Not the GP, but some examples are: (1) how do you get a computer to have a human-like train of thought? (2) how do you get a computer to acquire new concepts (e.g. "debt", "global warming", "weed") and then reason about them correctly, without any reprogramming? (3) automated acquisition of common sense through experience (e.g. "if you pour water on the floor you will get a puddle") (4) deep natural language understanding (i.e. how do you make a chatbot that really understands, and isn't just a thin illusion of understanding).
(4) is an interesting question. Unfortunately it's much harder to understand than it is to ask. For instance, to people really understand, rather than just providing a thin illusion of understanding? What does it actually mean to understand something? Can you make a test that can distinguish arbitrary systems which truly understand from those which provide a thin illusion of understanding?
This is a real problem for physics teachers - you want to find out if the students understand a concept:
Ask them to state it - they memorize the text book definition.

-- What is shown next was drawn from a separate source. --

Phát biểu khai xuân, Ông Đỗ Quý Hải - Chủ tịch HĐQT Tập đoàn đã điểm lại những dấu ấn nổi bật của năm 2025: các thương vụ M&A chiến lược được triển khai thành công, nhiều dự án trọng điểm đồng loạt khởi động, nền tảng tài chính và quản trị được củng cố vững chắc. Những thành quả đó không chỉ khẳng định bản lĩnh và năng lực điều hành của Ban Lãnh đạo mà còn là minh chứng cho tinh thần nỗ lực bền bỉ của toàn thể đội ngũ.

Ask them to apply it to a specified problem - they scan the problem for values of variables and look up a formula list to find one that has those variables.

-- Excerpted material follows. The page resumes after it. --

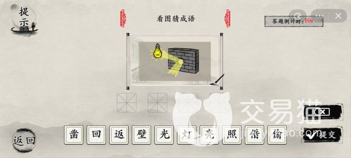 第二关是一个看图猜成语的游戏,是一个公务员必考图,在这关中给大家一张图,这个图里面画着一堵墙个一个灯泡,灯泡的在墙上反射回来了,下面还给了十个字,需要通过这些次以及上面的图片组成一个四字成语。这关的答案估计很多玩家都猜不出来,其实非常简单,光反射回来了就是回光返照呀。

Ask them to explain why their answer is correct and they form a grammatically correct explanation made by plucking phrases from the problem description and linking them to the answer with "so" or "because".
It feels like they don't understand but they actually can get a long way (ie. not fail) like that - it's certainly human level understanding, even if it's not what the smartest of us are capable of.
Personally, I think understanding is a continuum from special case memorization at the bottom, up to being able to link with a lot of other concepts at the top. There's no bright line between "truly understands" and "illusion".